**REQUIRED ACTION:**
Repeat the listing exactly. Pictures stay out of your copy.

**DATA UNDER STUDY:**
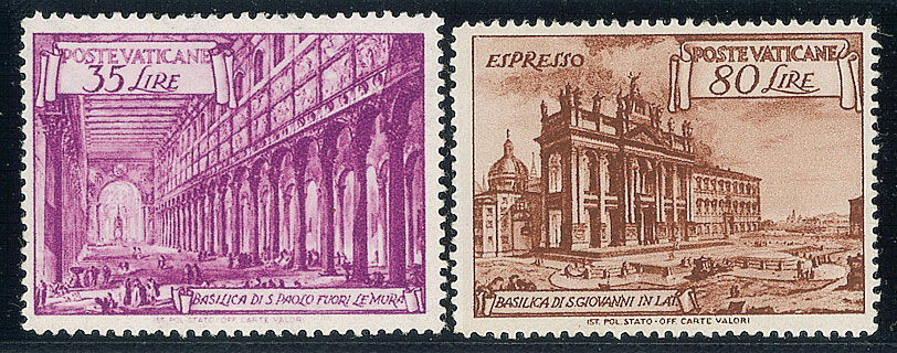 Lotto 604 | VATICANO - 1949- Basiliche - serie completa con Espressi - 12 valori - gomma...
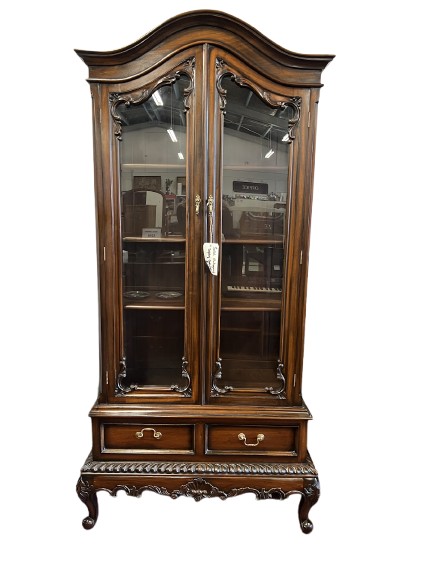 Add a touch of formal elegance to your home with this stunning solid mahogany display cabinet. Featuring a classic Queen Anne influence, this piece stands on impressive cabriole legs with hand-carved...
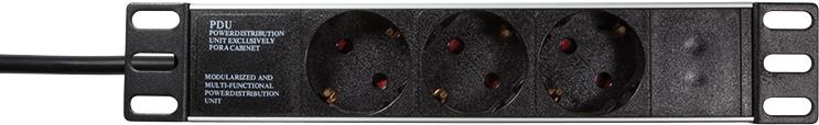 Logilink - Stromverteilungseinheit (Rack - einbaufähig) - Wechselstrom 230 V - 3500 Watt - Eingabe, Eingang CEE 7/7 - Ausgangsanschlüsse: 3 (Stromversorgung) - 1U - 25.4 cm (10") - Schwarz, RAL 9005 (PDU3B01)
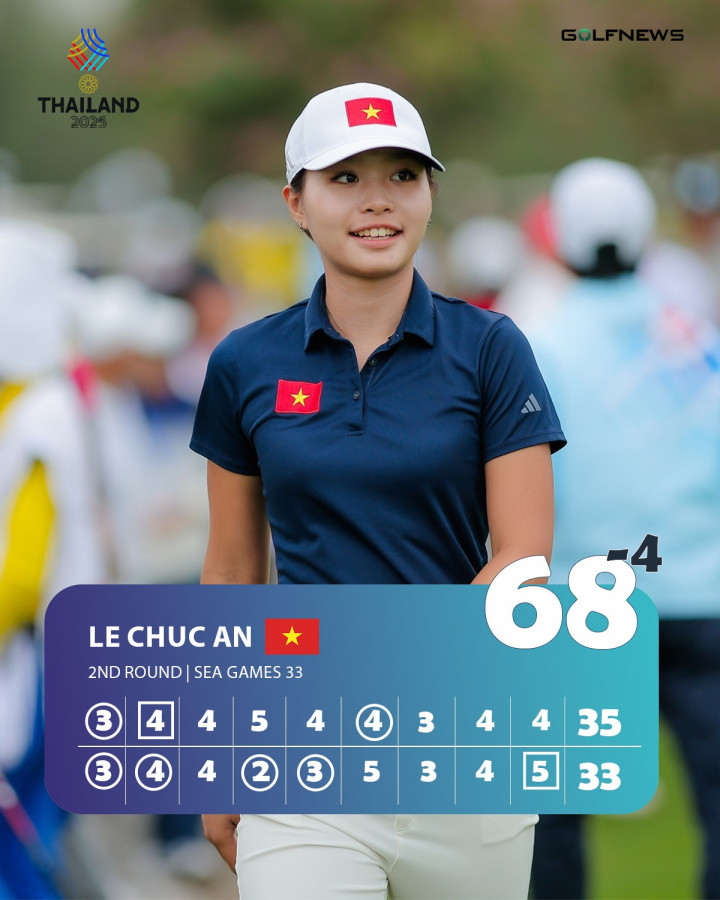 Lê Chúc An trở thành điểm sáng khi hoàn thành vòng 2 với 68 gậy (-4), ghi 6 birdie và chỉ mắc 2 bogey. Dù vẫn còn chút tiếc nuối khi thậm chí đã có thể đạt điểm số tốt hơn, màn trình diễn này vẫn là cú hích tinh thần cho hành trình chinh phục hai vòng còn lại của golfer 17 tuổi.
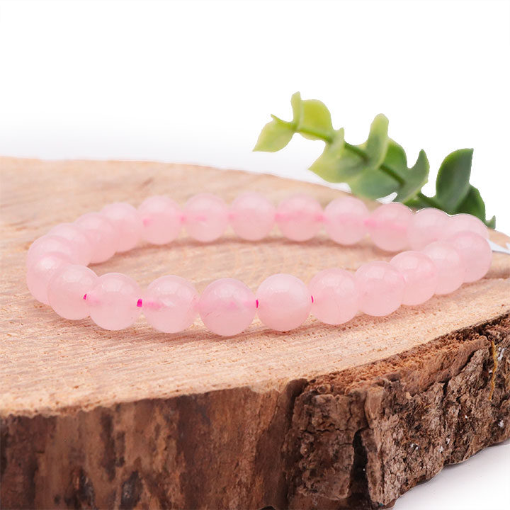 Armbänder und Anhänger aus Rosenquarz. Kieselsteine, Rohsteine und Trommelsteine aus Rosenquarz. Aus Rosenquarz geschnitzte Figuren.
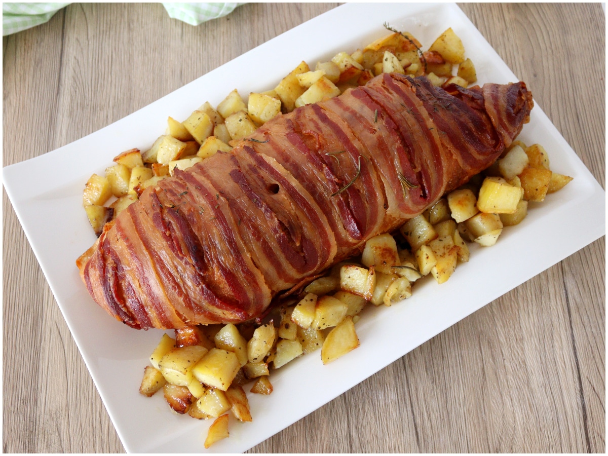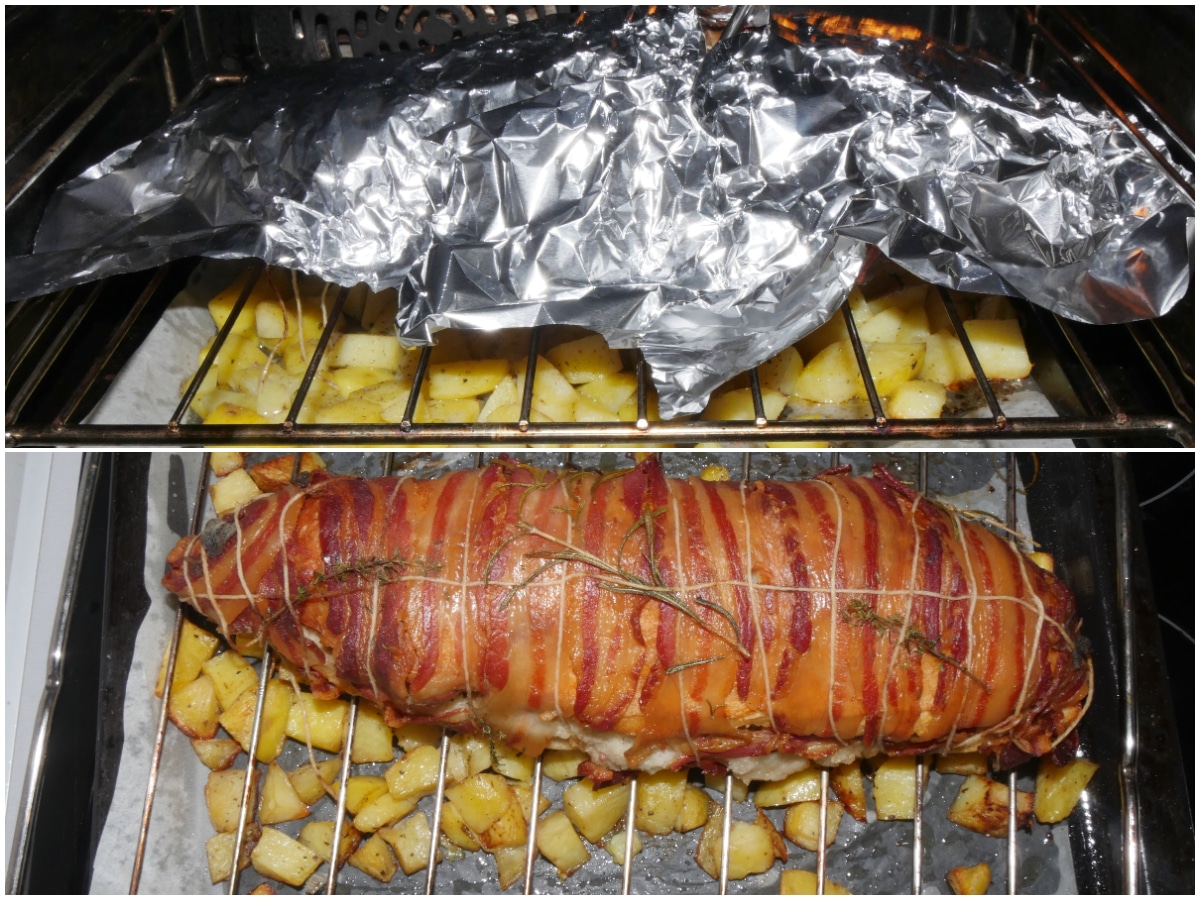 eliminate l'alluminio e cuocete ancora per 1 ora, verificare che la pancetta sia bella croccante.
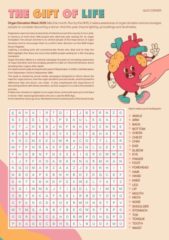 62 Phonebox Magazine | September 2025QUIZ CORNEROrganisers want as many local points of interest across the country to turn pink. In memory of more than 400 people who died last year waiting for an organ transplant, the annual scheme is to remind people of the importance of organ donation and to encourage them to confi rm their decision on the NHS Organ Donor Register.Lighting a building pink will commemorate those who died and to help the NHS highlight that there are more than 8,000 people waiting for a life changing transplant.Organ Donation Week is a national campaign focused on increasing awareness of organ donation and encouraging people to make an informed decision about donating their organs after death. It is observed annually during the last week of September. In 2025, it will take place from September 22nd to September 28th. The week is marked by social media campaigns designed to inform about the need for organ donors, how the organ donation process works, and the powerful diff erence that one donor can make. It also emphasizes the importance of discussing wishes with family members, as their support is crucial in the donation process.It takes two minutes to register as an organ donor, and could save up to nine lives in future. Visit: www.organdonation.nhs.uk or use the NHS App.In the meantime, have a go at our Wordsearch which is about parts of the human body.Organ Donation Week 2025 falls this month. Run by the NHS, it raises awareness of organ donation and encourages people to consider becoming a donor. And this year, they%u2019re lighting up buildings and landmarks.The gift of lifeE N H A I R T Q I I J B K R N Z GS X C D L S L P E A U L E G A I ZO T J H E B J N F N H K U Z N N EN O B H E G G V V O C T B H K Y BK O C M E E U W R A C O T T L C RM T F N R A K P B J H N L U E F EF H O B N F N X X A I G R O W W GL J F F O O A N K H N U R M H A NK Q O M A R Z A A Z J E E N H I IN B O A P E B N H B D Z D Q C S FE K T V D H D P C X W E L Y A T ZE Q I M M E J T I Q D L U I M E MC B Y K C A F K E L R B O Y O O OC F X D O D E O E R W O H E T P VM T M E A R B Y B E G W S T S P GO O R U K C E N O B W P O H Q P DP E A G O C B H E E L B U D X M OHere%u2019s what you%u2019re looking for:%u2022 ANKLE %u2022 ARM %u2022 BACK %u2022 BOTTOM %u2022 CHEEK %u2022 CHEST %u2022 CHIN %u2022 EAR %u2022 ELBOW %u2022 EYE %u2022 FINGER %u2022 FOOT %u2022 FOREHEAD %u2022 HAIR %u2022 HAND %u2022 KNEE %u2022 LEG %u2022 LIP %u2022 MOUTH %u2022 NECK %u2022 NOSE %u2022 SHOULDER %u2022 STOMACH %u2022 TOE %u2022 TONGUE %u2022 TOOTH %u2022 WAIST
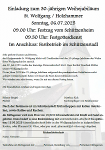 30-jähriges Weihejubiläum St. Wolfgang – Holzhammer
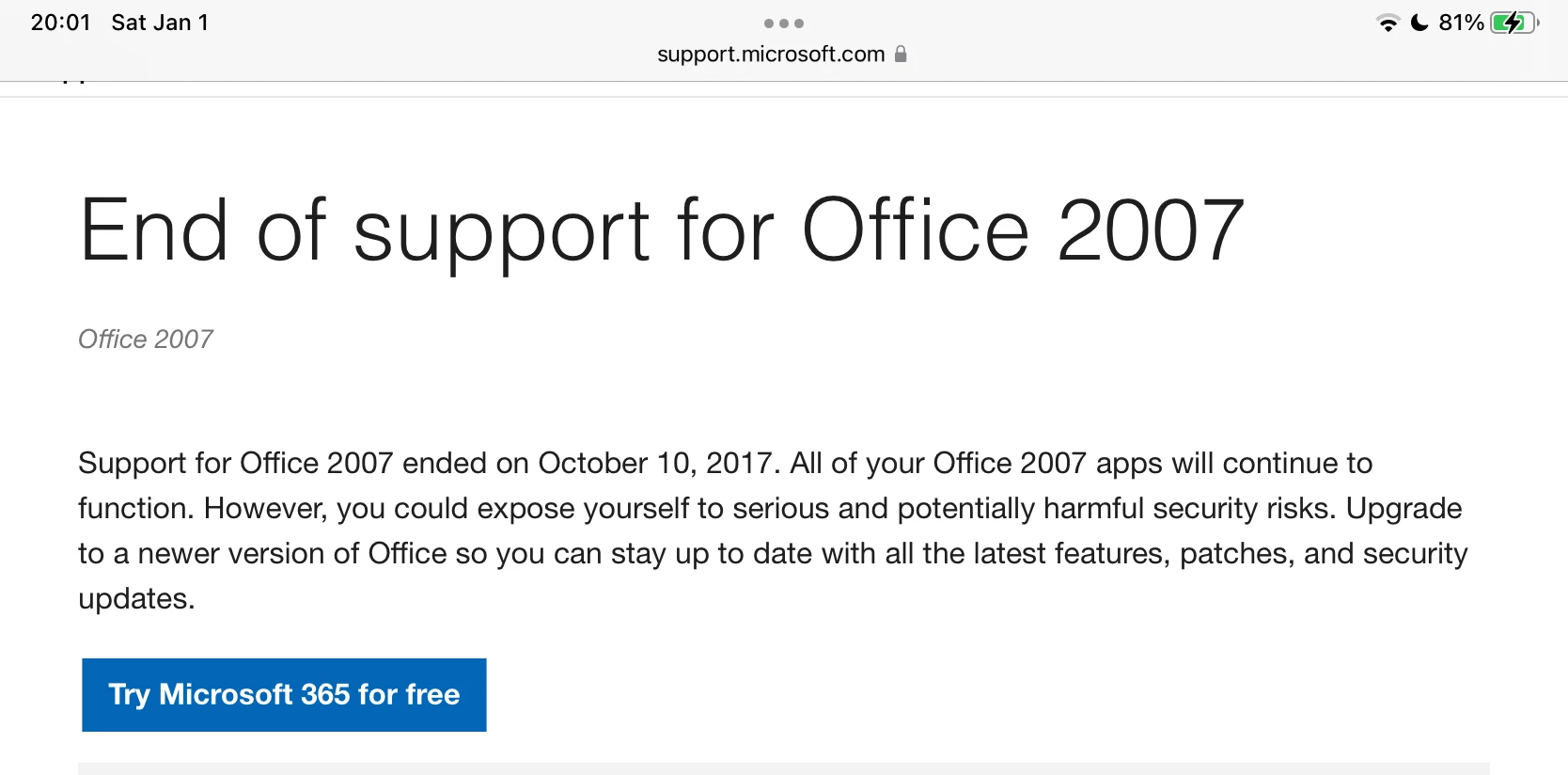 I have Win10 Pro 64bit and MS Office 2007 for word processing and spreadsheet
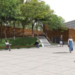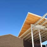 A light, sprawling steel canopy covering the stage projects toward the spectator area and mimics a similar steel canopy projecting out toward the river over the concession/roof terrace building. Meanwhile, all buildings are dressed in a beautifully natural linear cedar slat cladding which provides an acoustical shell for optimum sound delivery and helps the pavilion seamlessly materialize in its natural river edge environment. The performance pavilion will seem to grow out of the land.
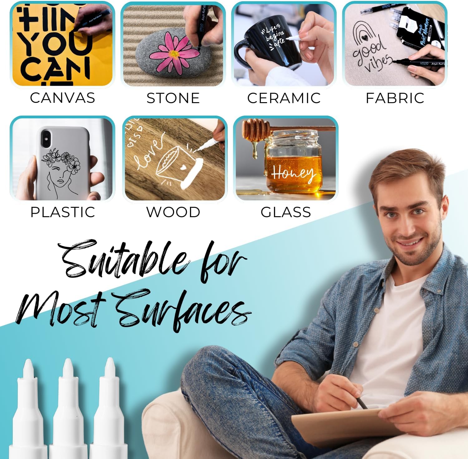 - MULTI-SURFACE APPLICATION: These versatile paint pens are suitable for use on a variety of surfaces, including stone, wood, glass, fabric, plastic, ceramic, metal, rubber and more, allowing you to unleash your creativity on any medium.
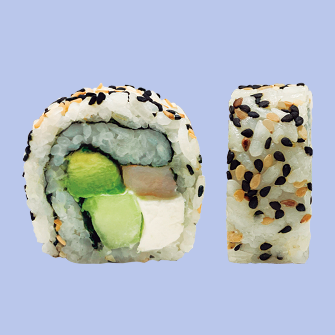 Por dentro: camarón, aguacate, pepino y queso crema. por fuera: ajonjolí blanco y negro
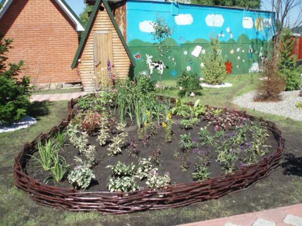 Для цветников такого плана целесообразно использовать натуральные материалы в виде дерева и камня. Они не только экологичны, но и гармонично вписываются в любое оформление дачной территории.
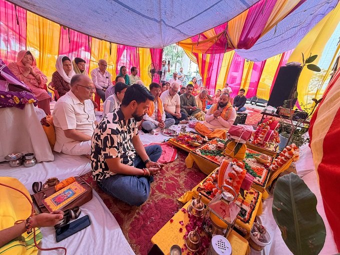 मेरठ: प्राण प्रतिष्ठा महोत्सव के दूसरे दिन शनिदेव को कराए गए चार अधिवास
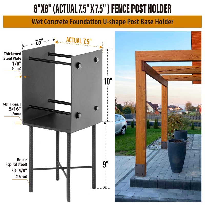 Wocepu 1 Pack Heavy Duty Stainless Steels U-Shape 8"x8"(Actually 7.5"x7.5") Wet Concrete Fence Post Holder, Psot Base, for Fence, Deck Railing, Pergola Wood Post Bracket Anchor (Dark Grey)

**OUTPUT:**
 Lotto 604 | VATICANO - 1949- Basiliche - serie completa con Espressi - 12 valori - gomma...
 Add a touch of formal elegance to your home with this stunning solid mahogany display cabinet. Featuring a classic Queen Anne influence, this piece stands on impressive cabriole legs with hand-carved...
 Logilink - Stromverteilungseinheit (Rack - einbaufähig) - Wechselstrom 230 V - 3500 Watt - Eingabe, Eingang CEE 7/7 - Ausgangsanschlüsse: 3 (Stromversorgung) - 1U - 25.4 cm (10") - Schwarz, RAL 9005 (PDU3B01)
 Lê Chúc An trở thành điểm sáng khi hoàn thành vòng 2 với 68 gậy (-4), ghi 6 birdie và chỉ mắc 2 bogey. Dù vẫn còn chút tiếc nuối khi thậm chí đã có thể đạt điểm số tốt hơn, màn trình diễn này vẫn là cú hích tinh thần cho hành trình chinh phục hai vòng còn lại của golfer 17 tuổi.
 Armbänder und Anhänger aus Rosenquarz. Kieselsteine, Rohsteine und Trommelsteine aus Rosenquarz. Aus Rosenquarz geschnitzte Figuren.
 eliminate l'alluminio e cuocete ancora per 1 ora, verificare che la pancetta sia bella croccante.
 62 Phonebox Magazine | September 2025QUIZ CORNEROrganisers want as many local points of interest across the country to turn pink. In memory of more than 400 people who died last year waiting for an organ transplant, the annual scheme is to remind people of the importance of organ donation and to encourage them to confi rm their decision on the NHS Organ Donor Register.Lighting a building pink will commemorate those who died and to help the NHS highlight that there are more than 8,000 people waiting for a life changing transplant.Organ Donation Week is a national campaign focused on increasing awareness of organ donation and encouraging people to make an informed decision about donating their organs after death. It is observed annually during the last week of September. In 2025, it will take place from September 22nd to September 28th. The week is marked by social media campaigns designed to inform about the need for organ donors, how the organ donation process works, and the powerful diff erence that one donor can make. It also emphasizes the importance of discussing wishes with family members, as their support is crucial in the donation process.It takes two minutes to register as an organ donor, and could save up to nine lives in future. Visit: www.organdonation.nhs.uk or use the NHS App.In the meantime, have a go at our Wordsearch which is about parts of the human body.Organ Donation Week 2025 falls this month. Run by the NHS, it raises awareness of organ donation and encourages people to consider becoming a donor. And this year, they%u2019re lighting up buildings and landmarks.The gift of lifeE N H A I R T Q I I J B K R N Z GS X C D L S L P E A U L E G A I ZO T J H E B J N F N H K U Z N N EN O B H E G G V V O C T B H K Y BK O C M E E U W R A C O T T L C RM T F N R A K P B J H N L U E F EF H O B N F N X X A I G R O W W GL J F F O O A N K H N U R M H A NK Q O M A R Z A A Z J E E N H I IN B O A P E B N H B D Z D Q C S FE K T V D H D P C X W E L Y A T ZE Q I M M E J T I Q D L U I M E MC B Y K C A F K E L R B O Y O O OC F X D O D E O E R W O H E T P VM T M E A R B Y B E G W S T S P GO O R U K C E N O B W P O H Q P DP E A G O C B H E E L B U D X M OHere%u2019s what you%u2019re looking for:%u2022 ANKLE %u2022 ARM %u2022 BACK %u2022 BOTTOM %u2022 CHEEK %u2022 CHEST %u2022 CHIN %u2022 EAR %u2022 ELBOW %u2022 EYE %u2022 FINGER %u2022 FOOT %u2022 FOREHEAD %u2022 HAIR %u2022 HAND %u2022 KNEE %u2022 LEG %u2022 LIP %u2022 MOUTH %u2022 NECK %u2022 NOSE %u2022 SHOULDER %u2022 STOMACH %u2022 TOE %u2022 TONGUE %u2022 TOOTH %u2022 WAIST
 30-jähriges Weihejubiläum St. Wolfgang – Holzhammer
 I have Win10 Pro 64bit and MS Office 2007 for word processing and spreadsheet
 A light, sprawling steel canopy covering the stage projects toward the spectator area and mimics a similar steel canopy projecting out toward the river over the concession/roof terrace building. Meanwhile, all buildings are dressed in a beautifully natural linear cedar slat cladding which provides an acoustical shell for optimum sound delivery and helps the pavilion seamlessly materialize in its natural river edge environment. The performance pavilion will seem to grow out of the land.
 - MULTI-SURFACE APPLICATION: These versatile paint pens are suitable for use on a variety of surfaces, including stone, wood, glass, fabric, plastic, ceramic, metal, rubber and more, allowing you to unleash your creativity on any medium.
 Por dentro: camarón, aguacate, pepino y queso crema. por fuera: ajonjolí blanco y negro
 Для цветников такого плана целесообразно использовать натуральные материалы в виде дерева и камня. Они не только экологичны, но и гармонично вписываются в любое оформление дачной территории.
 मेरठ: प्राण प्रतिष्ठा महोत्सव के दूसरे दिन शनिदेव को कराए गए चार अधिवास
 Wocepu 1 Pack Heavy Duty Stainless Steels U-Shape 8"x8"(Actually 7.5"x7.5") Wet Concrete Fence Post Holder, Psot Base, for Fence, Deck Railing, Pergola Wood Post Bracket Anchor (Dark Grey)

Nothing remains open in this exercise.